Joel McCrea and Fay Wray, the original Peeta and Katniss in The Most Dangerous Game

Add a dash of The Truman Show with its all-seeing eye-in-the-sky broadcasting live to a captivated global audience, play up the teenaged love triangle à la Twilight, toss in some vicious Avatar-style creatures and—voila!—you’ve got The Hunger Games.

Considering its target audience, The Hunger Games is rather gritty and intense.

Director Gary Ross (Pleasantville, Seabiscuit) keeps things somber, and the hand-held camerawork is particularly effective at creating an atmosphere of dread and danger out in the field.
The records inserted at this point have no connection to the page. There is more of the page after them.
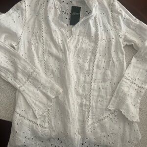 Lauren Ralph Lauren NWT White Eyelet Linen Duster Cottagecore Boho Coastal Small
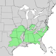 It grows in Alabama, Arkansas, Florida, Georgia, Illinois, Indiana, Kansas, Kentucky, Louisiana, Mississippi, Missouri, North Carolina, Ohio, Oklahoma, South Carolina, Tennessee, Texas, Virginia, and West Virginia.[2][7]
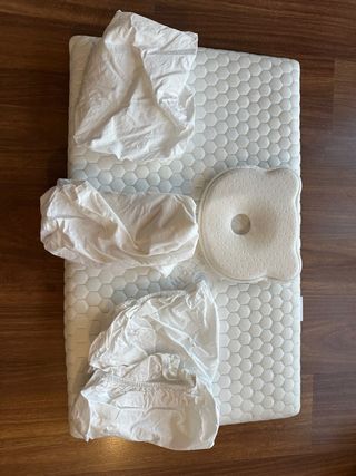 Colchón para cuna de la marca Ecu Kids, modelo Mimo Peti. Incluye funda protectora, bajera y un cojín para plagiocefalia. 4 meses de uso con funda protectora. No tiene ninguna mancha. - Colchón de espuma. - Funda de tela. - Diseño hexagonal.
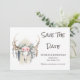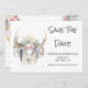 Una ilustración de un cráneo de ciervo colocado sobre un fondo de salpicadura de acuarela beige está infundido con plumas de pájaros silvestres, hojas; cristales y borlas. Hermosas rosas florales rosadas; flores de anémona y follaje descansan sobre su frente y plantillas de texto marrón atrevido aparecen a la derecha del mismo para tu texto personalizado. Las esquinas superiores traseras tienen plumas tribales y atrapasueños colgando de ellas adornados con ramos de follaje de rosa. Ideal para bodas tribales; country western; rústicas; al aire libre; boho | bohemian; bosque y forestales.

However, the film is unnecessarily long, takes forever to get going, and its sanitized portrayal of the terrible violence is a compromise that just doesn’t work.

Any bloodier and the film might be perceived as a glorification of violence instead of a mere indictment of it, but held to the constraints of a PG-13 rating, the film simply doesn’t shock or disturb as deeply as it intends to.

Unlike, say, Battle Royale

The Hunger Games does eventually reach a logical conclusion, but one that’s somewhat unsatisfying and that leaves too many dangling plot elements to be dealt with in the next movies. It may not stand on its own, but it’s substantial enough to whet my appetite for the inevitable Part 2.

Which is exactly what the suits over at Lionsgate want to hear.

BOX OFFICE GOLD!!!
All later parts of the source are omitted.